# Finishing questions for my oak dado rail



## wizer (19 Oct 2007)

Hi Guys

Last night I sanded down the oak dado rail which is going to be fitted to the top of the wainscoting in the nursery. I took it down through the grades:- 120, 180 then 240. A few queries occur to me

1. Should I keep going with the sanding using finer grades? Or is 240 enough?

2. Since sanding down, the wood is 'dusty'. How do I clean all this off? I have heard of tack cloths but where do you buy them?

3. I want to keep the natural colour of the oak but I guess the finish needs to be durable. I'm leaning towards a clear satin varnish... unless the forum can recomend a better option?


TIA


----------



## oddsocks (19 Oct 2007)

WiZeR":12in7oxr said:


> Hi Guys
> 
> Last night I sanded down the oak dado rail which is going to be fitted to the top of the wainscoting in the nursery. I took it down through the grades:- 120, 180 then 240. A few queries occur to me
> 
> ...



I have used oak a lot in the past and stop at 240 if you go much finer you may find that its too smooth to absorb any oil /finish.

My favourite finish on oak in Danish oil, in the form of Rustins finishing oil (it dries quicker). On top of this a clear wax applied with fine webrax or similar fine grade pad - don't use wire wool as it will get in the grain and react with the tannin. Mind you there are many other oils etc on the market, i just haven't tried them.

To clean out the sanding dust you can buy tack cloths (from woodturning supplies) or just use kitchen paper (plain white only) and white spirit - this will also show up any swirls or rough grain you missed.

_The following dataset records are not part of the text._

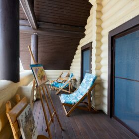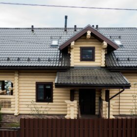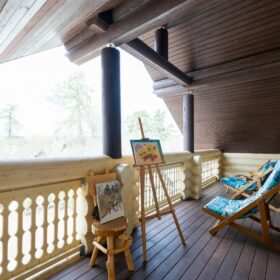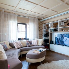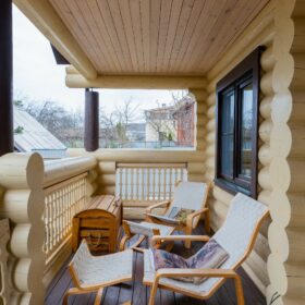 Современная внутренняя отделка выполнена нашими дизайнерами по авторским проектам, оцилиндрованное бревно высочайшего качества мы изготавливаем на наших производственной площадке в Архангельской области.
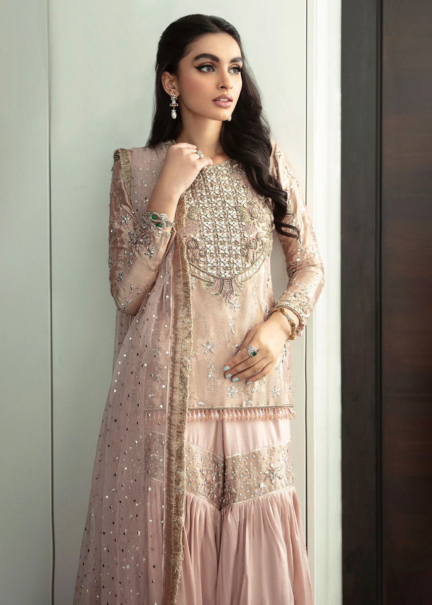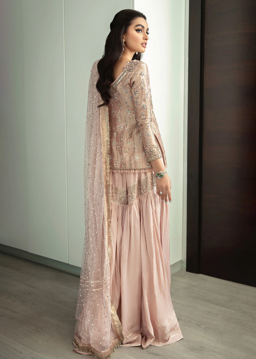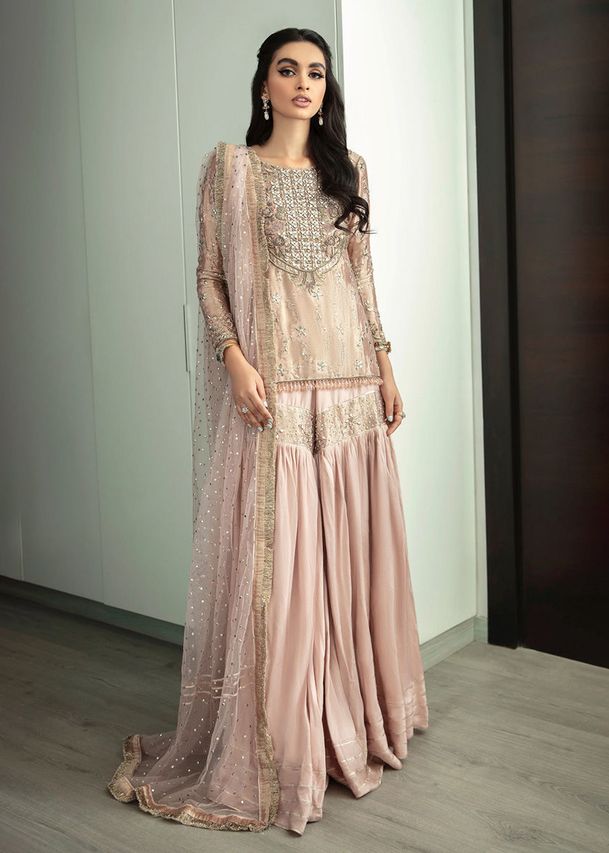 A blend of tradition and modern fusion, the sharara incorporates an exquisite appeal. The three-piece formal ensemble consisting of a raw Silk gharara, rose gold tissue shirt and a tulle kamdani dupatta is embellished in the most intricate ways which exudes leisure and elegance with its breathtaking detailing.
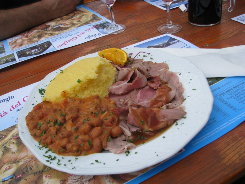 Dopo esserci fermati per una breve sosta sul Sous l’Aut (il vento tira a 45 km/h e la temperatura è di 14°C), scendiamo rapidamente sulle piste da sci nella conca del Ciampac e ci fermiamo a mangiare al Tobià del Giagher, polenta porchetta e fagioli, il vino rosso che ci viene portato non è buono, lo facciamo presente al gestore che si scusa, lo sostituiamo con due birre Weizen, il gestore poi ci offrirà 4 grappe per scusarsi.
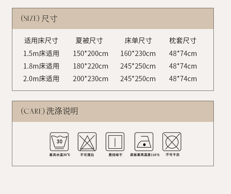 150*200cm夏被1.5床笠四件套 | ¥105.00 |
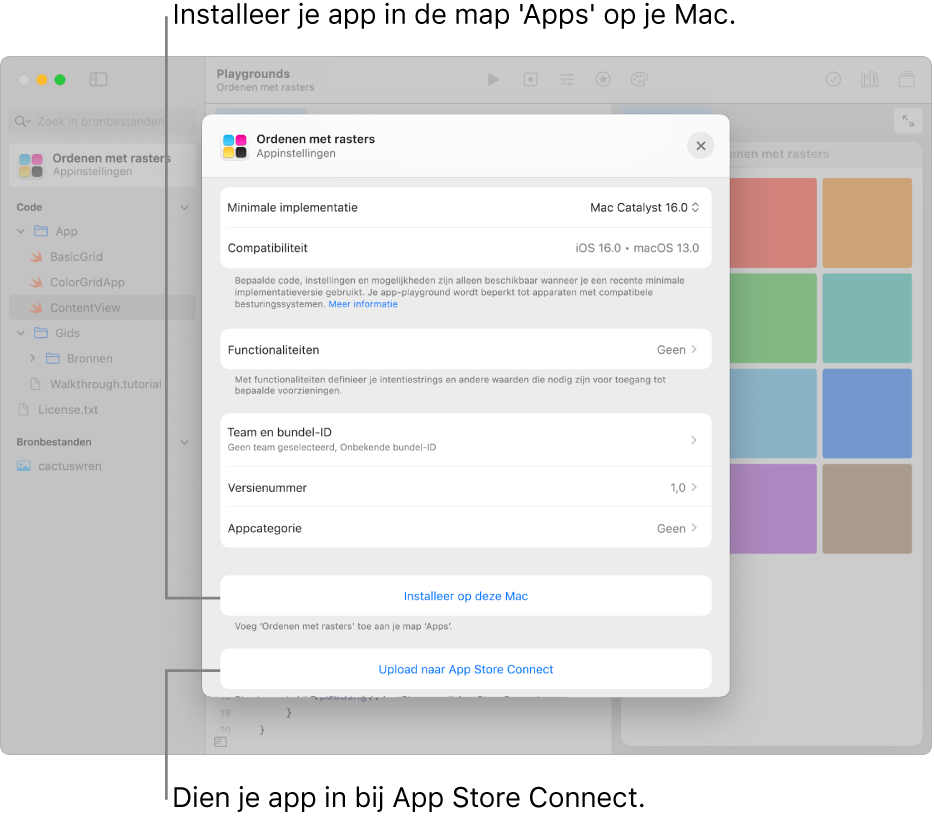 Je kunt een app die je hebt aangemaakt in de map 'Apps' op je Mac installeren. Als je een Apple Developer-account hebt, kun je de app indienen bij App Store Connect.
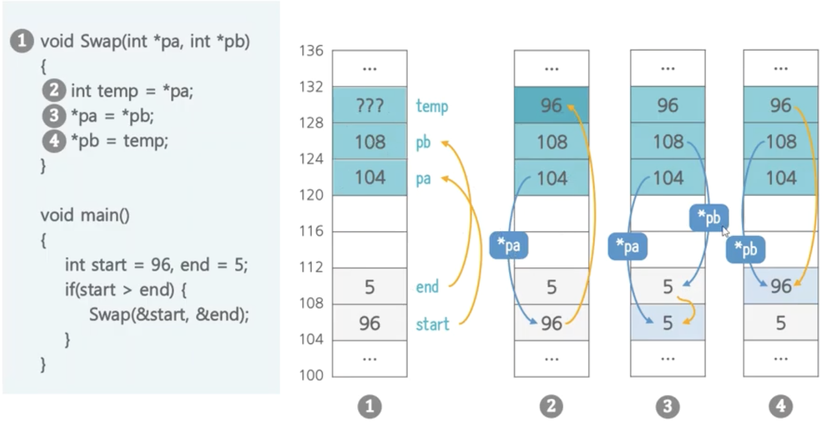 직접적인 주소 방식으로 쓰는 일반 함수로써는 스왑함수안에서만 적용이되고, 메인함수에서는 적용이 되질 않는다
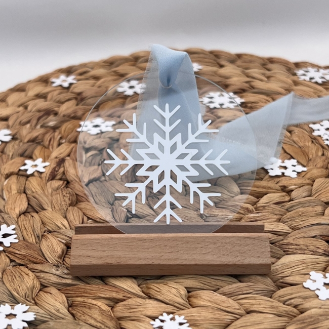 Boule de Noël avec le décor Flocon, symbole de pureté et de magie hivernale.

But as always - practice on a spare bit that you have finished to the same standard. Oh - and get the ok from the final approver!!!


----------



## wizer (20 Oct 2007)

Thanks oddsocks I will give that method a go on some scrap.


----------



## Mark.R (21 Oct 2007)

To clean anything I have made that I am about to stain/wax etc, I have found the use of my small compressor that I use for my nail gun to be really good. It gets into those places that you may not reach and/or remove that dust or debris that a cloth or whatever wont budge.

I have bought the cheap nozzle attachment to go on the end of the hose with a pull leaver to adjust and stop/start the blowing. Got it from Axminster at just a couple of quid.


----------



## druster (22 Oct 2007)

I quite like the finish of osmo hardwax oil on oak. Dont go too fine on the sanding, it's nice to be able to feel the grain.


----------



## CWatters (7 Nov 2007)

Our builder used osmo hard wax oil on our oak stairs. Looks very nice and seems to seal it better than regular oils.


----------